VideoBadminton: A Video Dataset for Badminton Action Recognition

Qi Li,Tzu-Chen Chiu,Hsiang-Wei Huang,Min-Te Sun,Wei-Shinn Ku
2024-03-19
Abstract:In the dynamic and evolving field of computer vision, action recognition has become a key focus, especially with the advent of sophisticated methodologies like Convolutional Neural Networks (CNNs), Convolutional 3D, Transformer, and spatial-temporal feature fusion. These technologies have shown promising results on well-established benchmarks but face unique challenges in real-world applications, particularly in sports analysis, where the precise decomposition of activities and the distinction of subtly different actions are crucial.
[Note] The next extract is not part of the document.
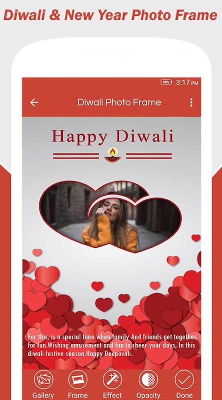 This Diwali Photo Frame is free photo editor for Android is perfect gift for the people you love - you can make the best diwali invitations for the guests and be sure that all of them will come.
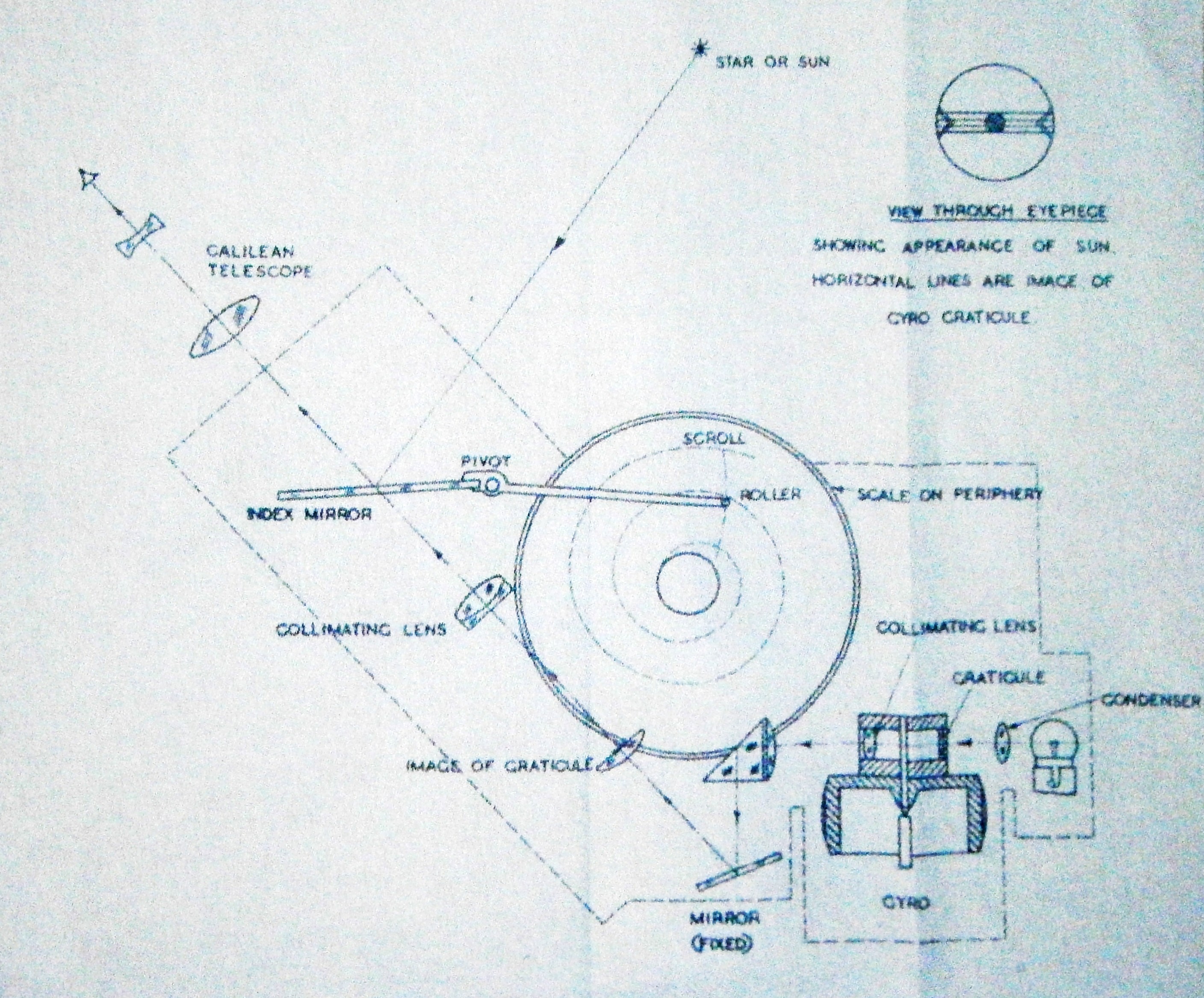 When a bubble sextant is subject to an acceleration, all the fluid in the spirit level is affected. As you will see when I describe the gyro unit, when the Kreiselsextant is subject to an acceleration, the only connection between the sextant and the gyro is via its low friction, small area bearing. Effectively, the gyro is almost detached from the sextant and retains the direction of its axis of spin in space.

Existing datasets like UCF101, HMDB51, and Kinetics have offered a diverse range of video data for various scenarios. However, there's an increasing need for fine-grained video datasets that capture detailed categorizations and nuances within broader action categories. In this paper, we introduce the VideoBadminton dataset derived from high-quality badminton footage. Through an exhaustive evaluation of leading methodologies on this dataset, this study aims to advance the field of action recognition, particularly in badminton sports. The introduction of VideoBadminton could not only serve for badminton action recognition but also provide a dataset for recognizing fine-grained actions. The insights gained from these evaluations are expected to catalyze further research in action comprehension, especially within sports contexts.
Computer Vision and Pattern Recognition
What problem does this paper attempt to address?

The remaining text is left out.